As votes continue coming in during Alabama’s special senatorial election, CNN’s Jake Tapper interviewed Ted Crockett, Roy Moore’s spokesman. Among other things, Crockett admitted that Moore “probably” still thinks homosexual conduct should be illegal, and also tried offering a justification for Moore’s previous statements that Muslims should not be allowed a serve in Congress (a justification based on a bad misunderstanding of United States law, which Tapper quickly rectified).
The full ten-minute interview is above, but @TheLeadCNN also tweeted video snippets of certain key highlights. Here is Crockett arguing that Moore was right to say Muslims cannot hold elected office because they cannot ethically swear on a Christian Bible, which (according to Crockett) is mandatory for all elected office-holders.
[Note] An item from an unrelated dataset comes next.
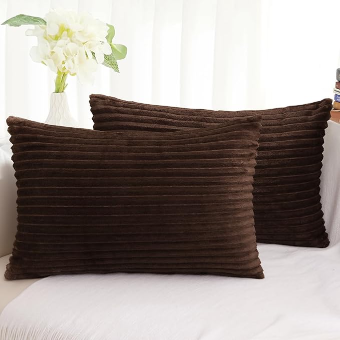 Simmore Decorative Throw Pillow Covers 12x20 Set of 2, Soft Natural Plush Flannel Double-Sided Fluffy Lumbar Pillow Covers for Couch Sofa Living Room, Brown
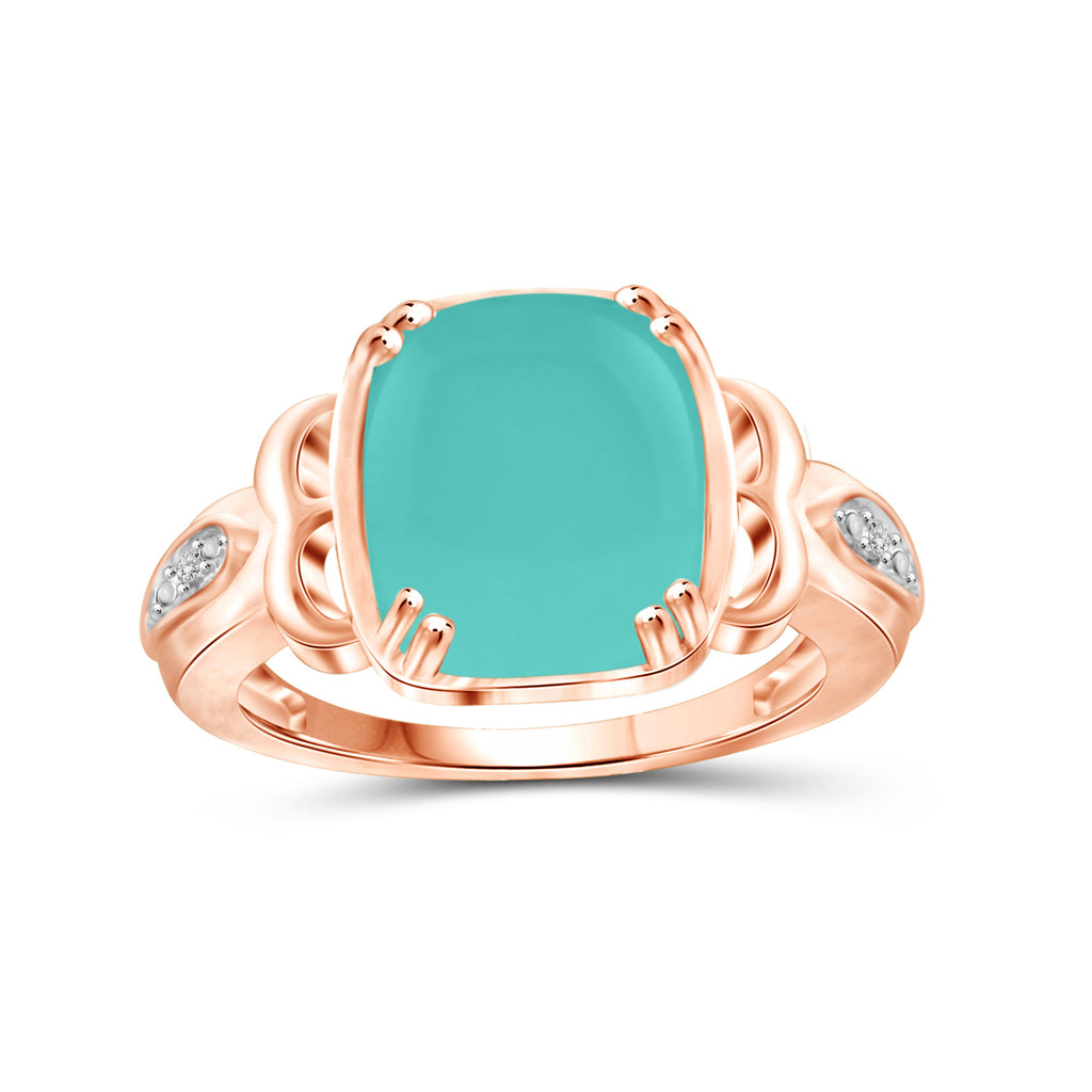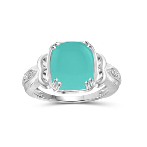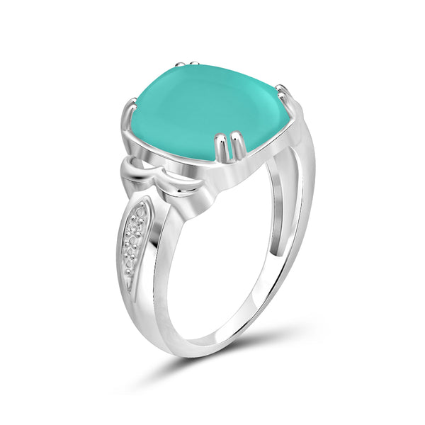 Chalcedony Ring Birthstone Jewelry – 5.00 Carat Chalcedony 0.925 Sterling Silver Ring Jewelry with White Diamond Accent – Gemstone Rings with Hypoallergenic 0.925 Sterling Silver Or Rose Gold Over Silver Band

Crockett was literally struck speechless after Crockett told him that people can be sworn in on any text they choose:
TAPPER: Judge Moore has also said that he doesn’t think a Muslim member of Congress should be allowed to be in Congress. Why? Under what — under what provision of the Constitution do you…
CROCKETT: Because you have to swear on the Bible. You, when you are, before, I had to do it and I’m an elected official, three terms, and I had to swear on a Bible. You have to swear on a Bible to be an elected official in the United States of America. He alleges a Muslim cannot do that, ethically, swearing on a Bible.
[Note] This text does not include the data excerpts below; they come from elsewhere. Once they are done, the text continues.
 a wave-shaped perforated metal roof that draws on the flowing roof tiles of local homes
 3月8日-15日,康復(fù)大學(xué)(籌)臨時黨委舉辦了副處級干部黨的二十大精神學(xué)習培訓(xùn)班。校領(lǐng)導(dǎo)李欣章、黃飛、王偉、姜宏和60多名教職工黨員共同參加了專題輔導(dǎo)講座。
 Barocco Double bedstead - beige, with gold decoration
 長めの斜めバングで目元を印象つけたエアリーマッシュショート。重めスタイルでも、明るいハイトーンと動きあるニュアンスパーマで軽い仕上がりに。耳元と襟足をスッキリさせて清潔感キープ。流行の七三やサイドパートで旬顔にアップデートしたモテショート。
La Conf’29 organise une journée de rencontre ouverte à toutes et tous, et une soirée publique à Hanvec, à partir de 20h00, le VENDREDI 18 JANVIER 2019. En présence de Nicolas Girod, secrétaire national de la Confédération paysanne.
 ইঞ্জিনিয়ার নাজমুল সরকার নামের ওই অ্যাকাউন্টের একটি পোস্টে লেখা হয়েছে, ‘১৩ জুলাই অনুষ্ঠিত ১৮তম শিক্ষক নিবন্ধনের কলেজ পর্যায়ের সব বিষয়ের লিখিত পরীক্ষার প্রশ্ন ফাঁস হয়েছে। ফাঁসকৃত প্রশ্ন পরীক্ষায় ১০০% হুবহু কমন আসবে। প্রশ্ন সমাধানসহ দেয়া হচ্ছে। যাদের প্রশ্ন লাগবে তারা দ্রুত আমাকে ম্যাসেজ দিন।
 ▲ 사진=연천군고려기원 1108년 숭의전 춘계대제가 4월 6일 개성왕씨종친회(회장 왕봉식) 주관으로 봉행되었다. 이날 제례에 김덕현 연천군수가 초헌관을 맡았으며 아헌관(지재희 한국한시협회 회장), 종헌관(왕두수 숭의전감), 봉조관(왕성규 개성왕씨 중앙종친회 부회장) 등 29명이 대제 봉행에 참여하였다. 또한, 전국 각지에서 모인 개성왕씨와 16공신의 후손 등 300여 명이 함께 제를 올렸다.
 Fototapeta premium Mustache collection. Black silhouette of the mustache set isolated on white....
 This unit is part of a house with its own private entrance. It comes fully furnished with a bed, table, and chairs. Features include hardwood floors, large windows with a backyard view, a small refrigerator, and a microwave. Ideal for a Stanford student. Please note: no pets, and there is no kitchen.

TAPPER: You don’t actually have to swear on a Christian Bible. You can swear on anything, really. I don’t know if you knew that. You can swear on a Jewish Bible. You can swear on a–
CROCKETT: Oh, no. I swore on the Bible, I’ve done it three times, Jake.
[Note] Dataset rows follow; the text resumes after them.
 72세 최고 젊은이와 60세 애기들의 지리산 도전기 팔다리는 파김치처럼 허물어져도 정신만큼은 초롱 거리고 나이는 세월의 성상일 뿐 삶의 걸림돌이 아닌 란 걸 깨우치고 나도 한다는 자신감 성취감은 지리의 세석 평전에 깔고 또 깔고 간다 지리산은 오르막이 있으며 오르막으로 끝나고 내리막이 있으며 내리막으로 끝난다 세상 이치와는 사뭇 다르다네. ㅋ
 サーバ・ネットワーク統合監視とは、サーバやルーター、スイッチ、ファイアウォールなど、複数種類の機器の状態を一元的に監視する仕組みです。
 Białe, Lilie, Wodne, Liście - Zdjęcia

TAPPER: I’m sure you have, I’m sure you picked a Bible, but the law is not that you have to swear on a Christian Bible. That is not the law.
CROCKETT: [Three or four seconds of open-mouthed silence]
TAPPER: You–you don’t know that?
CROCKETT: [Silence]
TAPPER: All right. Ted Crockett, with the Moore–
CROCKETT: I don’t know, I know that Donald Trump did it when we made him president–
TAPPER: Because he’s Christian and he picked it. That’s what he wanted to swear in on.
(In 2007, then-newly elected Congressman Keith Ellison of Minnesota swore his oath of office on an antique Koran which once belonged to Thomas Jefferson.)
The next tweet shows Crockett saying “probably” when Tapper asked if Roy Moore still thinks homosexual conduct should be illegal, and citing “two or three thousand years of history” as justification. “It’s just a sin, okay? …. You seem to want to take the whole, 2,000 or 3,000 years of our history and y’all want to throw it out the window as if you’re going to make your own rules, your own man-made rules and do whatever you want in sin, and that’s part of the problem we’ve got in Washington, D.C. today, Jake. We’ve got too many people winging up there. They’re fooling with women they shouldn’t be fooling with, they ought to love their wives. Roy Moore loves his wife.”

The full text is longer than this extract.